Through all of this, I have decided to retire from showing as well. I chose to step down from the glamorous show world to instead pursue a full time roll being a devoted horse mama. In this industry it’s normal for riders to replace their horses should they ever need to retire, but I’m not there yet, and I don’t know if I ever will be. Especially with starting a family in our near future, the timing couldn’t be better. Not everyone supported my decision to retire him from jumping at such a young and promising age, but at what cost is a silly ribbon actually worth it? Sure, I could inject the area and see how long it lasts. I could even have a procedure I had never heard of known as a “neurectomy” performed that would deaden the nerves in his foot in hopes he’d last a few more shows before irreparable damage would occur. But for what? A few more ribbons? Zini was otherwise sound and healthy, and if I could ensure that he would stay that way why wouldn’t I? It felt like the day Zini’s jumping career ended, mine did too in some way. He was my partner, my teammate, and grieving that loss was incredibly hard. And we went through it together. But through these life changes it has made me take a step back and remember why I even started a career in this sport in the first place, my love for the horses. How many girls get to say they own not one, but two heart horses in their lifetime? I do! And I don’t know what I did to deserve them, but I make sure to spend my days living up to just how grateful I am to have them in my life. Whether I’m taking them out on a hand walk to enjoy a few extra nibbles of grass, or putting in some elbow grease with a curry comb to make them shine. Loving on Missy & Zini is such a blessing in itself, and I never want to lose sight of that. The fact I still get to saddle up and enjoy a good flat with Zini is more than I expected, yet another blessing. But what I want you all to take away is that horsemanship is just as rewarding as winning a big jumper class. So whether I’m teaching them a new trick like “bowing” or “kissing”, or getting their dapples to shine with thorough grooming, I find pleasure in those rewards more than I ever did taking home a ribbon.

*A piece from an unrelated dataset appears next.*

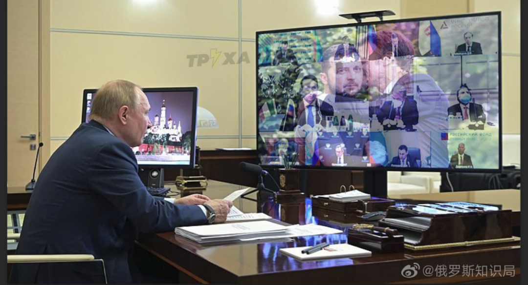 微博用户发布的这张“普京在屏幕前看马克龙拥抱泽连斯基”的图片进行过后期处理,原图来自于俄罗斯卫星通讯社,展现的是今年1月普京在莫斯科与意大利商人视频连线一事。

So what’s in store for our future? Well, I am happy to announce my husband and I were fortunate enough to purchase a piece of land. And not just any land, it’s the land of all other dreams. This piece of grass will soon be the foundation of our future entirely. It is here that we will build our dream home and barn. What’s a dream home you ask? It will be our forever home, where we will someday raise babies of our own and hopefully have the opportunity of getting to grow old and gray together. But we made sure to keep our four legged babies in mind as well, making sure this land was large enough to have a private barn built right beside our house. This way our entire family can be together, two legged and four. I’ll be able to care for my horses and give them the best life possible till they earn their wings in heaven. But until then, they’ll be getting fed carrots from my kitchen window, plenty of spoiling, and maybe someday they will be the “school masters” that leave hoof prints on my own children’s hearts.